Met waterige ogen laat ik me op de achterste bank vallen.
 'Gaat het? Sorry, als ik het verkeerd bracht. Maar je moet het gewoon weten', zucht Catrice, die een bezorgde blik op mij werpt. Ik kijk haar aan, maar negeer haar excuus. De enige persoon waarvan ik iets wil horen is mijn broer. Iets wat laat zien dat hij me niet haat.
 'Mike?' vraag ik aarzelend.
 'Hou je bek. Ik probeer te slapen', reageert hij schor. Vanbinnen baal ik opnieuw van zijn botte antwoord. Kan hij niet wat sympathie tonen? Is Clayton nou zo belangrijk voor hem geworden? Zelfs belangrijker dan zijn eigen broer?
 'Hé... slaap lekker', probeer ik nog. Geen reactie.
 Ik steun met mijn handen op mijn hoofd, terwijl ik naar buiten staar. Elynne is met een landkaart in de weer. Dom wijf. Achter haar lopen twee mannen die druk pratend in hun telefoon naar een glanzende bolide lopen. Damnn, hadden wij maar zo'n chique bak. Zuchtend wend ik mijn blik af.
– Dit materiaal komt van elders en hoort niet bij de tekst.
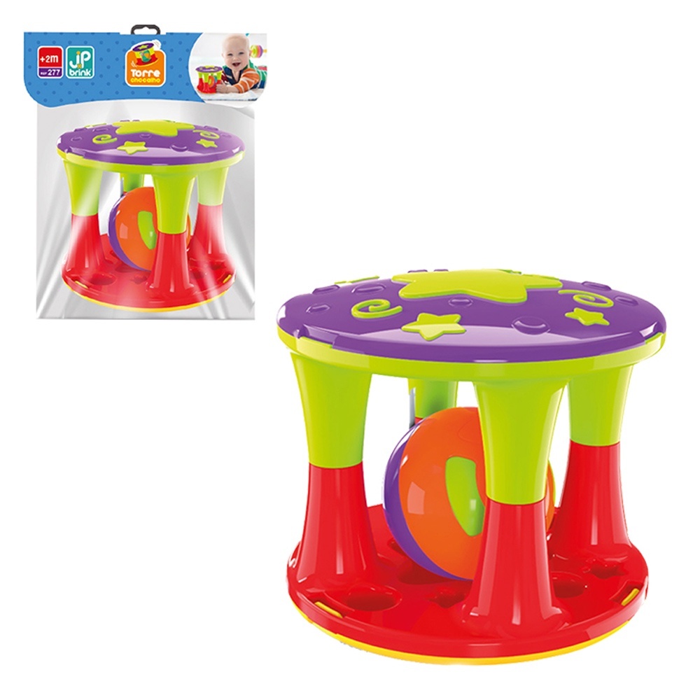 Bolinha Chocalho Didática para Bebe Colorida + Torre Chocalho com Bolinha para Infantil Pedagógica coordenação motora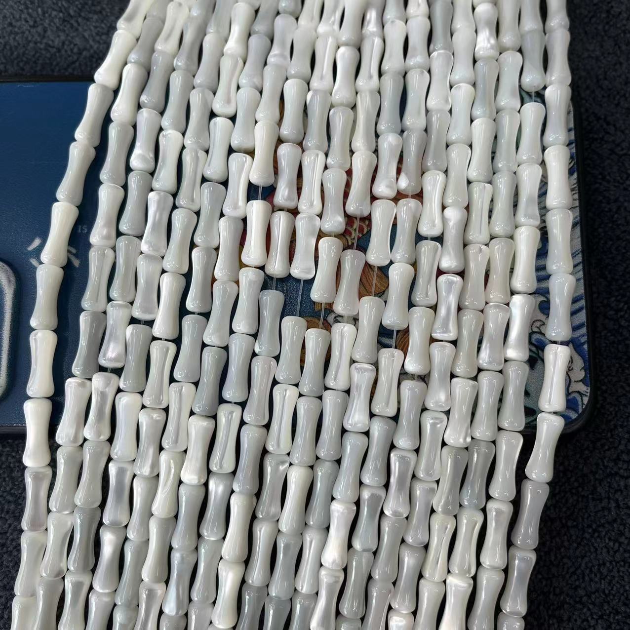 Turbanschnecken Perlen, Bambus, DIY, weiß, 5x12mm, ca. 32PCs/Strang, verkauft von Strang

Wat Mongolisch dat ik daar jaloers op ben. Honderd andere dingen aan mijn kop en ik loop naar dure auto's te kijken. Wat is het plan voor deze missie eigenlijk?
 Op dat moment stapt Elynne de bus in en start de motor. Langzamerhand neemt iedereen weer plaats in de roestbak, zachtjes in discussie over de missie. De woorden vliegen zo langs me heen. Ik kan echt niks meer opnemen, daar ben ik gewoon te moe voor. Amila komt naast me zitten en Danielle links van de bank.
 'We hebben drie dagen de tijd toch? Volgens mij kunnen we beter gaan rijden. Iedereen in de gordels', roept Elynne ons tot de orde. Ik kan haar wel wurgen nu, maar ze heeft wel gelijk. Om niet op straat te belanden moeten we nu gaan. Nog een keer word ik er aan herinnerd hoe afhankelijk we van Clayton zijn.
 In een rustig tempo rijden we de weg weer op. Langzaam voel ik mezelf een klein beetje ontspannen als de club, met het kantoor van onze opdrachtgever, uit het zicht verdwijnt.
 Ik graai naar de verbandtrommel om mijn hand te verbinden. Ineens schiet er een helse pijn door mijn borst. Ik negeer de pijn en haal de trommel uit de tas. Wat slordig wind ik wat verband om mijn hand, doe de doos weer dicht en smijt hem terug in de tas. Mijn gooi-beweging levert ook weer protest van mijn ribben op. Jezus, hoe lang ga ik hier nog last van krijgen?! Zelfs m'n ademhaling brengt wat pijn met zich mee. Lekker dan. Hierdoor mag ik me niet laten stoppen. Door niks en niemand, ook al zou ik halfdood op de grond liggen. De missie, lijkt het, ligt nu in mijn handen. Elynne is veel te onbetrouwbaar en Mike kan gewoon niet meer. Ik moet ervoor zorgen dat dit zo snel mogelijk voorbij is.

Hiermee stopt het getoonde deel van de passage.